Robert Boyle Chemistry
Robert Boyle was born on 25 of Jan 1627 in Lismore, County
Waterford, Ireland. He died 30 of Dec 1691 in London, England.
Boyle studied at Eton College from 1835 to 1639. He read
Galileo's works while on a five year European tour, with a
private tutor, begun in 1639 when he was 12 years old. After the
tour, spent mostly in Switzerland, then he returned to Dorset in
England where he began his experimental scientific work and wrote
moral essays.
From 1656 he lived in Oxford where he worked with Hooke. He
made important contributions to physics and chemistry and is best
known for Boyle's law (sometimes called Mariotte's Law)
describing an ideal gas. Boyle's law appears in an appendix
written in 1661 to his work New Experiments Physio-Mechanicall,
Touching the Spring of the Air and its Effects (1660).
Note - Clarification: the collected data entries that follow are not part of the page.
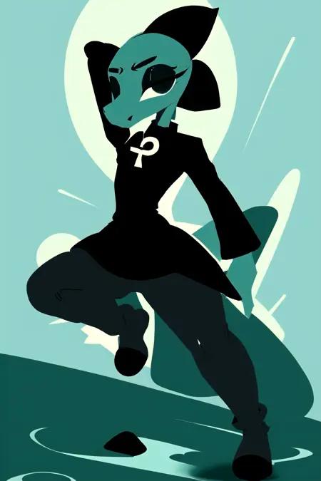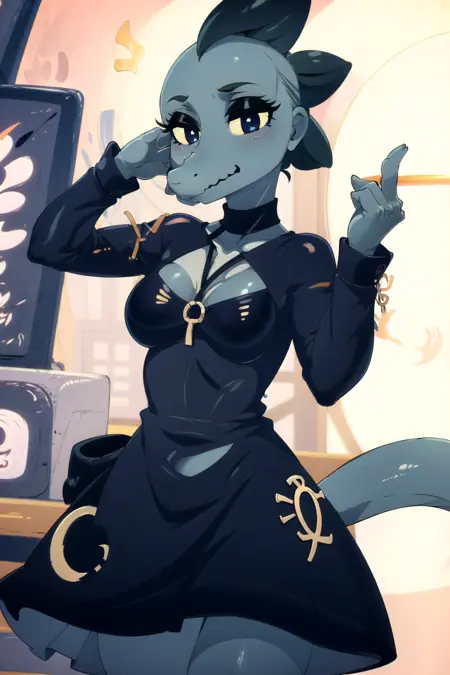 태그 "bea santello, furry"를 사용하세요. 옷차림에 따라 검정 셔츠, 검정 드레스, 십자형 목걸이, 노란 눈백, 등을 추가로 활용할 수 있습니다.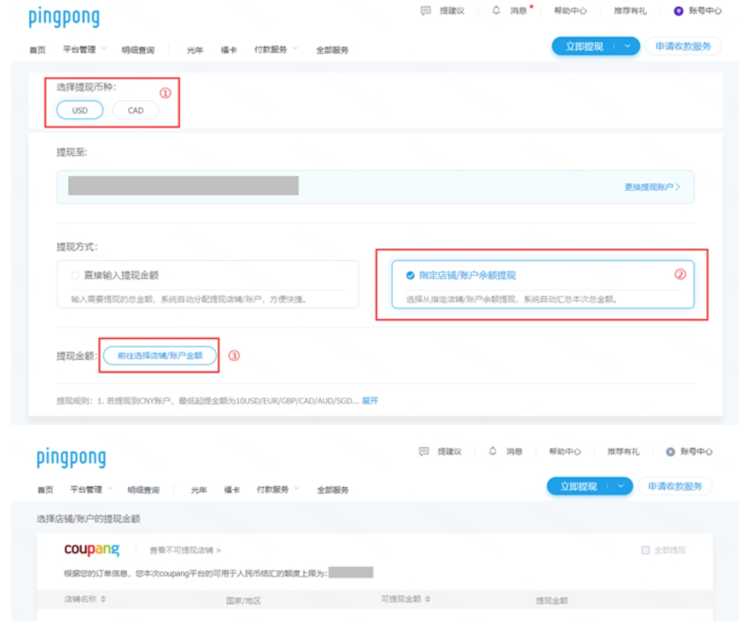 ② 选择对应的币种—选择指定店铺/账户余额提现—点击前往选择店铺/账户金额,查看对应平台可结汇额度。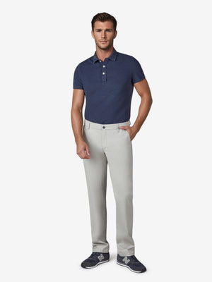 Bequeme Flat Front-Hose mit elastischem Komfortbund und Hemdstopper. Der Clou: In der rechten Vordertasche ist eine separate "Mobile Pocket" eingearbeitet, in der man sein Smartphone kratzsicher und schnell griffbereit unterbringen kann. Gefertigt aus einer ultraleichten, hochelastischen High Stretch-Baumwolle in schöner Double Dye-Färbung. Gewicht: 255 g/lfm Das Modell bietet eine normale Leibhöhe und wegen der schmaleren Fußweite einen schlankeren Beinverlauf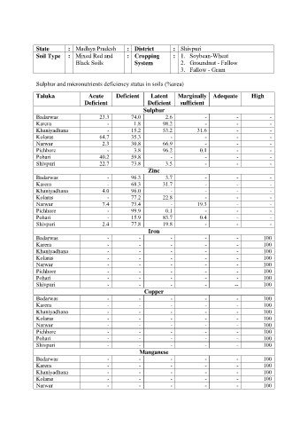 Soil Type : Mixed Red and : Cropping : 1. Soybean-Wheat

In The Sceptical Chymist (1661) Boyle argued against
Aristotle's view of the four elements of earth, air, fire and
water. He argued that matter was composed of corpuscles which
themselves were differently built up of different configurations
of primary particles.
He is probably best known for summarizing the properties of
gases by the law that is given his name, Boyle's Law. This law
suggests that at constant temperature the pressure and volume are
inversely related, and results from the observation that gases
have elastic properties. He also showed that air had weight.